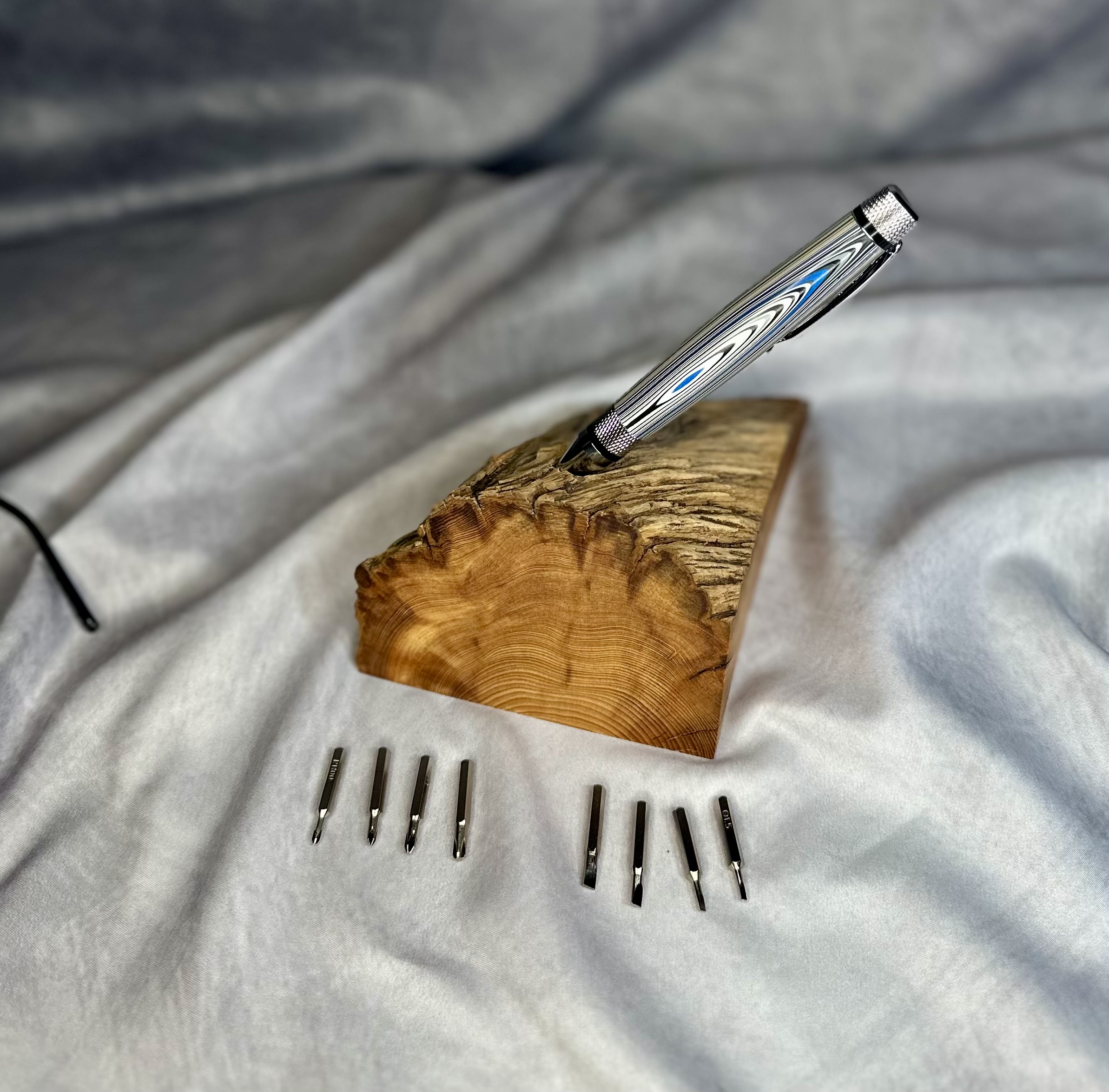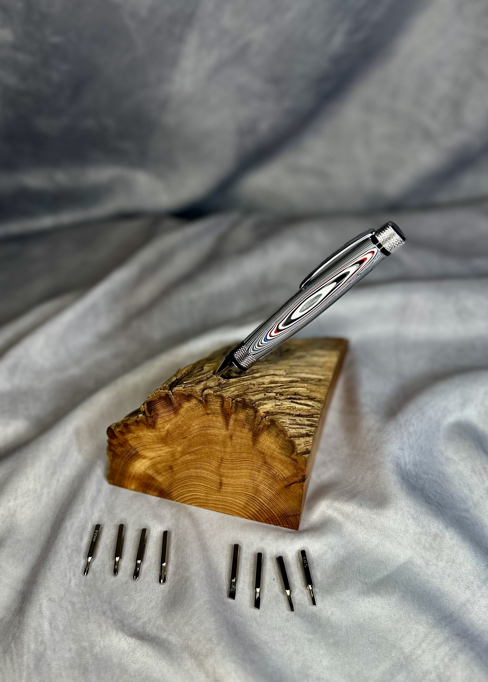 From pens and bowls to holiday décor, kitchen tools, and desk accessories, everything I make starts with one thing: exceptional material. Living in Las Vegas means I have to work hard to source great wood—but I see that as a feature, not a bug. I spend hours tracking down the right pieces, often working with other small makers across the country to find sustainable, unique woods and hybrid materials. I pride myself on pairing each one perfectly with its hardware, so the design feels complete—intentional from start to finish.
...
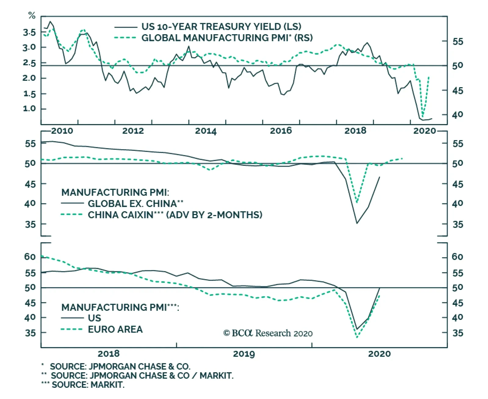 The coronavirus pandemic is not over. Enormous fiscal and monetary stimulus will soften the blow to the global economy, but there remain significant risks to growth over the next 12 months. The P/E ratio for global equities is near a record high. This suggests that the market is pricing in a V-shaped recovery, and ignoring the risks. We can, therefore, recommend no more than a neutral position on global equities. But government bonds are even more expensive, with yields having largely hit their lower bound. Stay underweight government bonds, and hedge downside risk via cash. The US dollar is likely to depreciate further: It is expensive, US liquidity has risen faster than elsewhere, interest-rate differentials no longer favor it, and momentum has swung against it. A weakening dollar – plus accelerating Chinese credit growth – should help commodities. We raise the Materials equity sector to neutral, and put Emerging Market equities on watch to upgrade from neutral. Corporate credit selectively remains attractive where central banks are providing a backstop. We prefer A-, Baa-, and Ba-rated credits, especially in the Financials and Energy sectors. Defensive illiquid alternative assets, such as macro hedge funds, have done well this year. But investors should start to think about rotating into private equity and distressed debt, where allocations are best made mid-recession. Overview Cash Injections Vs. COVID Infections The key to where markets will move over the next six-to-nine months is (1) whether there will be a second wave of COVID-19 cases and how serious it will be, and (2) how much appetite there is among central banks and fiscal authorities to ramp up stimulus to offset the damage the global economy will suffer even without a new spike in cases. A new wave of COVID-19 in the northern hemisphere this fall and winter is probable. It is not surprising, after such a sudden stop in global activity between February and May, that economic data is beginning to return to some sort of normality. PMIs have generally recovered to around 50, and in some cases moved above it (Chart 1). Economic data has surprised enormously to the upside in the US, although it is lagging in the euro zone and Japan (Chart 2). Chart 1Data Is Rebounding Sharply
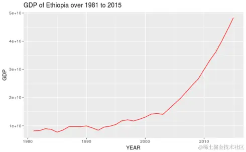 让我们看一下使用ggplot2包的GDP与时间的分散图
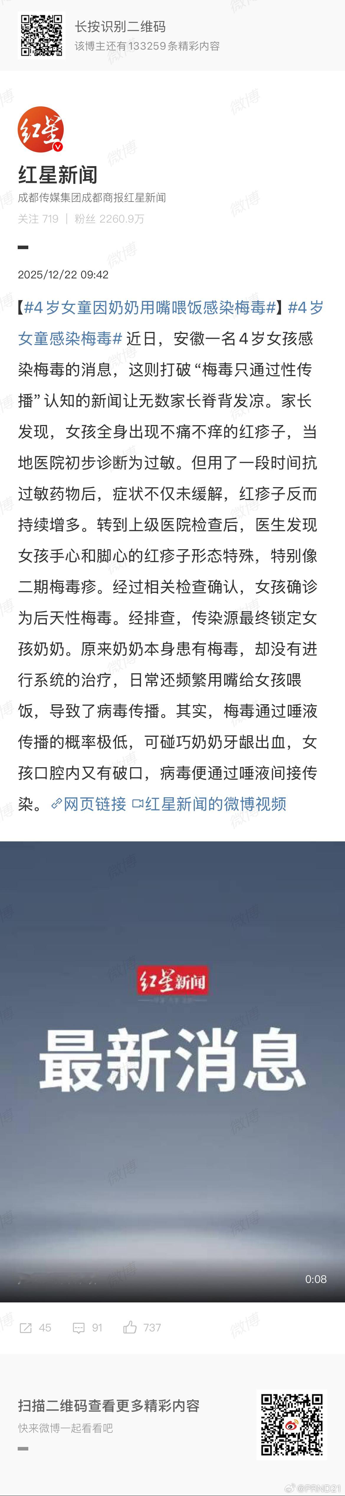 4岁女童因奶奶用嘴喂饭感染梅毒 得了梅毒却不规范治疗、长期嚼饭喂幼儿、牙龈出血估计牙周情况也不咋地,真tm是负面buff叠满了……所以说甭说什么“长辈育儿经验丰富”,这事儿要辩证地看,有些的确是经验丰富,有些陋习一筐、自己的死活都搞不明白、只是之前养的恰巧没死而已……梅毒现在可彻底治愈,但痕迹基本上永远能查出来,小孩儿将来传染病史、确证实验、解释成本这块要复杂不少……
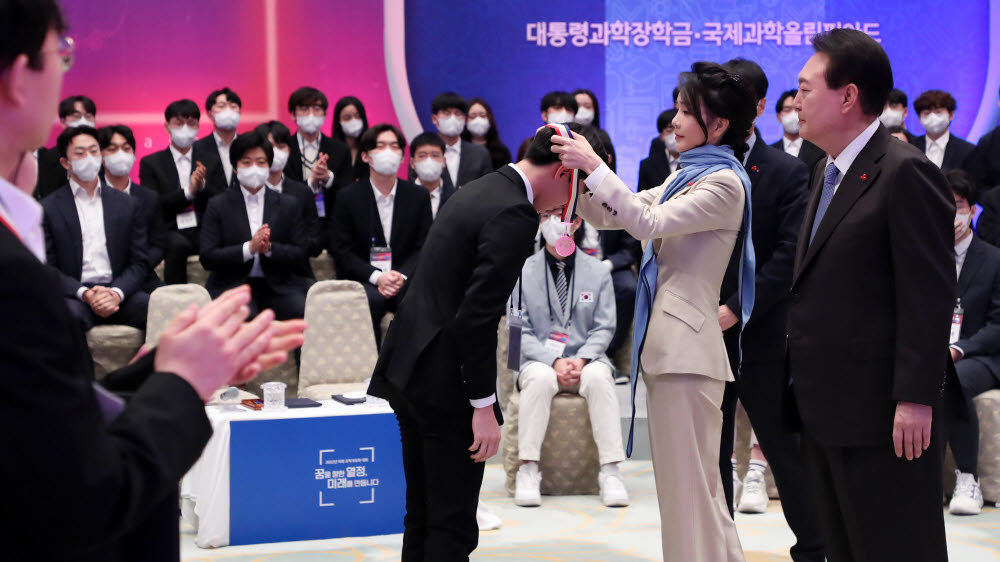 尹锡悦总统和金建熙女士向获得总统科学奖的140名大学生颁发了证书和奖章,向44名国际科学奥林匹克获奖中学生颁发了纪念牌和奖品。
--
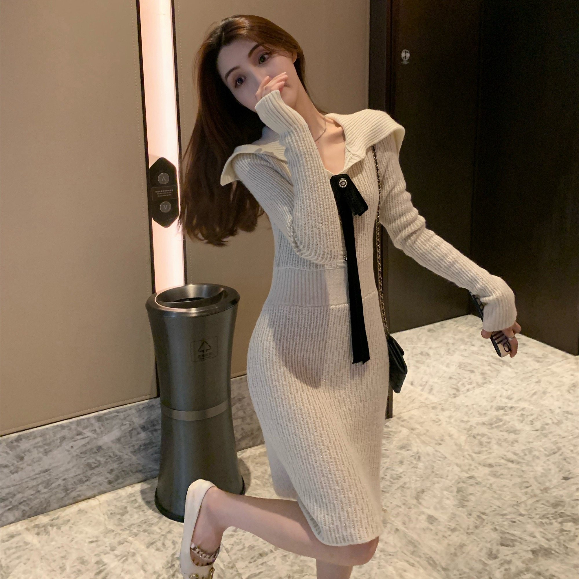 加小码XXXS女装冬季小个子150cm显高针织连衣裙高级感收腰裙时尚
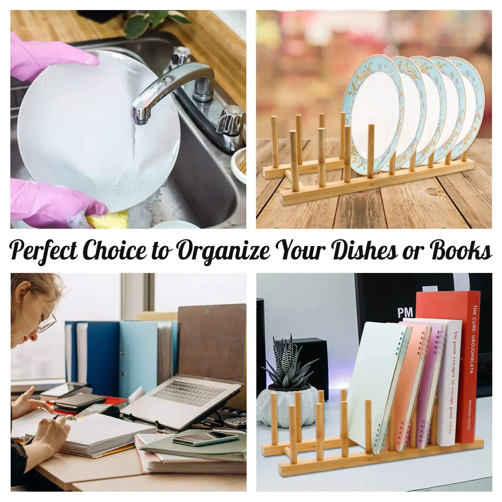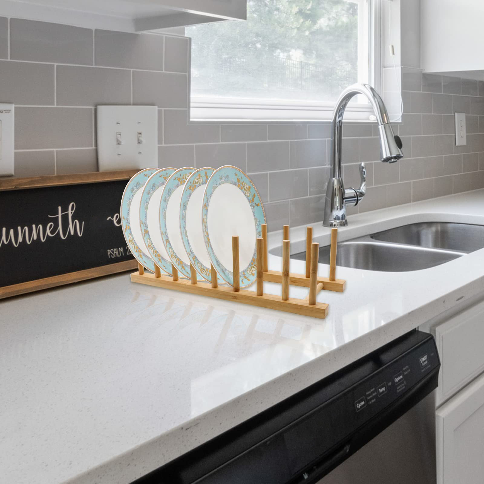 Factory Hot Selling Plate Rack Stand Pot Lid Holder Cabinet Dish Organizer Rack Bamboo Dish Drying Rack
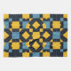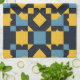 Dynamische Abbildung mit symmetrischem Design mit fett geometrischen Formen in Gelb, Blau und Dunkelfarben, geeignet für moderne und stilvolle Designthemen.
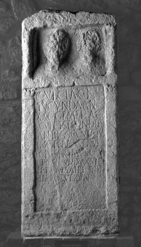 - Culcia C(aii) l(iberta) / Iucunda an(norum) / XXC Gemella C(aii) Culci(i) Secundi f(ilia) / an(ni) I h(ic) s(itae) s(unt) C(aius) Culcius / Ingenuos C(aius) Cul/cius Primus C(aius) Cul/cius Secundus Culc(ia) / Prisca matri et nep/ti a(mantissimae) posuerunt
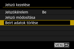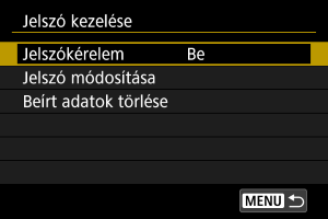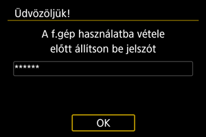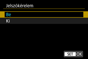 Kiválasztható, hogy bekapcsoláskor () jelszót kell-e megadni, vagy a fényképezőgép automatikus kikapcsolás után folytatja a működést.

__Task__: Find the line with "- Culcia C(aii)" in the entries above. Set down exactly every line from it up to and including the line with "Kiválasztható, hogy bekapcsoláskor", images excluded.

__Expected answer__:
 - Culcia C(aii) l(iberta) / Iucunda an(norum) / XXC Gemella C(aii) Culci(i) Secundi f(ilia) / an(ni) I h(ic) s(itae) s(unt) C(aius) Culcius / Ingenuos C(aius) Cul/cius Primus C(aius) Cul/cius Secundus Culc(ia) / Prisca matri et nep/ti a(mantissimae) posuerunt
 Kiválasztható, hogy bekapcsoláskor () jelszót kell-e megadni, vagy a fényképezőgép automatikus kikapcsolás után folytatja a működést.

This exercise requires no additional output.